Replaces the hand-maintained f144_log_streams dict + f144_attribute_registry per-instrument structures with a single Instrument.streams: dict[str, Stream], sourced from coda HDF5 files via a checked-in streams_parsed.py + build_streams(...) composition. Adds LogContextBinding for routing f144 streams into Sciline workflow keys. Full design in docs/developer/plans/unified-stream-registry.md.

What's in this PR

  • Single source of truth. Stream / F144Stream records replace the parallel structures (specs.py dict, Instrument.f144_attribute_registry, StreamLUT[logs]). Topic/source/units/path live on one record; consumers derive views.
  • LogContextBinding. Declares (stream_name, workflow_key, dependent_sources); replaces hand-coded context_keys={'detector_rotation': InstrumentAngle[SampleRun], ...} in factories. Bifrost migrated as the demonstration consumer. LOKI dynamic-transforms and chopper-workflow can adopt the same binding list independently.
  • Codegen. python -m ess.livedata.nexus_helpers <coda.hdf> --generate --output … emits an importable streams_parsed.py (SPDX header + from ess.livedata.config import F144Stream + sorted list[F144Stream]). build_streams(parsed, overrides=…, synthetics=…) composes the final registry; overrides accept either stream_name or nexus_path keys.
  • All instruments rolled out (except dummy): bifrost (52 streams), estia (38), loki (78), nmx (64), odin (156), tbl (68). Each sourced from its coda_<inst>_*.hdf ground-truth file.

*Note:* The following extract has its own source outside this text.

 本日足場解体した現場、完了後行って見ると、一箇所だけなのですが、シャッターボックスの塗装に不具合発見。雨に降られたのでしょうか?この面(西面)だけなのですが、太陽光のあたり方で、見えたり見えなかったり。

Overrides preserve the few names referenced elsewhere (Bifrost factory bindings, aux_sources, source_metadata).
  • suggest_internal_name improvements plus generator-side collision detection. Filters generic NeXus containers (entry/instrument/sample/sample_environment/transformations); joins parent+leaf so phase / translation1 carry parent context. No collisions across 776 entries.
  • Drift test parameterised over instruments; regenerates from local coda file when present, skips otherwise (coda files are not in pooch yet).

Why now

Two motivations from the design doc: dynamic-transforms and chopper-workflow both need a stream→Sciline-key routing layer. Without unification each added structure (attribute registry, log_context_bindings shim, dynamic_transforms dict) drifts from the others. This PR collapses them so the follow-ups (LOKI dynamic-transforms migration; chopper-workflow adopting bindings) become focused diffs.

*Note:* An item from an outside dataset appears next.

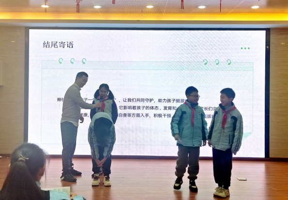 “我发现他的肩膀一边高一边低,是不是要提醒他改姿势?”现场,学生举着手说道,医生当即给予肯定,并现场示范正确的坐姿、站姿,强调“一尺一拳一寸”的读写原则,眼睛离书本一尺,胸口离书桌一拳,手指离笔尖一寸。同时推荐跳绳、游泳、小燕飞等护脊运动。中医整脊科团队带来的"简易护脊操"更是引发全场参与热潮,通过拉伸、扩胸等简单动作,帮助学生缓解颈肩腰背疲劳,将健康理念转化为实用技能。
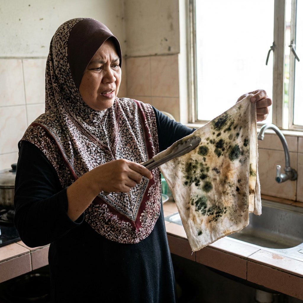 ❌ Kain buruk di singki sentiasa basah, berbau kepam, dan berlendir?

The expansion of registered streams (~25 → ~456 auto-registered timeseries workflows across instruments) is intended: manual setup was legacy and incomplete; the dashboard now surfaces the full readback set the file writer actually publishes.

Caveats

  • Coda files (`coda_*.hdf` in repo root) are local to the devcontainer; the drift test skips when they're absent. Production geometry files in pooch are older than the coda files and will be refreshed separately.
  • Estia coda file uses the same PV (`ESTIA-DtRot:MC-RotZ01:Mtr.RBV`) under two paths; only the readback path is targeted by the override.

Test plan

  • Smoke-test each backend service with one instrument (`fake_logdata` + `timeseries` + `dashboard`) and confirm new timeseries workflows appear and accumulate
  • Verify Bifrost cut workflow still binds rotation aux inputs correctly (regression for the binding migration)
  • Verify LOKI dynamic-transforms still wires `detector_carriage` to the depends_on chain

Adds `Stream` / `F144Stream` config records and an `Instrument.streams:
dict[str, Stream]` field that replaces the parallel `f144_log_streams`
dict + `f144_attribute_registry` field maintained per instrument. The
StreamLUT for f144 is now derived from `instrument.streams`; the
attribute lookup in detector/reduction/timeseries handlers reads
`F144Stream.units` directly. Synthetic `chopper_cascade` handling moves
to a `_SYNTHETIC_LOG_SOURCES` whitelist (no per-stream attrs needed
beyond the empty-units default).

Implements steps 1-5 of `docs/developer/plans/unified-stream-registry.md`.
The codegen helper (`nexus_helpers.generate_f144_log_streams_code`) now
emits `F144Stream` literals so generated output drops in directly.
Adds `LogContextBinding` (stream_name, workflow_key, dependent_sources)
and `Instrument.log_context_bindings: list[LogContextBinding]`. Bindings
are registered via `Instrument.add_log_context_binding(...)` so that
heavy Sciline-key imports (e.g. `InstrumentAngle[SampleRun]` from
`ess.spectroscopy`) stay out of per-instrument specs.py and are deferred
to `setup_factories`. `Instrument.__post_init__` validates that any
construction-time bindings reference declared streams;
`_validate_binding_dependent_sources` is called at the end of
`load_factories` to ensure each binding's `dependent_sources` matches
some registered spec's source_names.

Bifrost migrated as the demonstration consumer: the hand-coded
`context_keys={'detector_rotation': InstrumentAngle[SampleRun], ...}` in
`_make_cut_stream_processor` is now `instrument.get_context_keys(
'unified_detector')`, derived from bindings registered in
`setup_factories`.

LOKI's dynamic-transforms and any future chopper-workflow consumer can
now adopt the same binding list independently, without serialised
rollout.

Implements steps 6-7 of `docs/developer/plans/unified-stream-registry.md`
for the typed Sciline-key consumer path. The dynamic-transforms path
(LOKI's `TransformValueStream` machinery) is unchanged and will be a
focused follow-up.
Implements step 9 of `docs/developer/plans/unified-stream-registry.md`
end-to-end as a proof point. Three pieces:

1. `build_streams(parsed, overrides, synthetics)` composes a final
   `dict[str, Stream]` from a parsed list, hand-edited overrides
   (keyed by either `stream_name` or `nexus_path`, applied via
   `dataclasses.replace`), and additional synthetic streams. Detects
   stream_name collisions in the parsed list and across synthetics.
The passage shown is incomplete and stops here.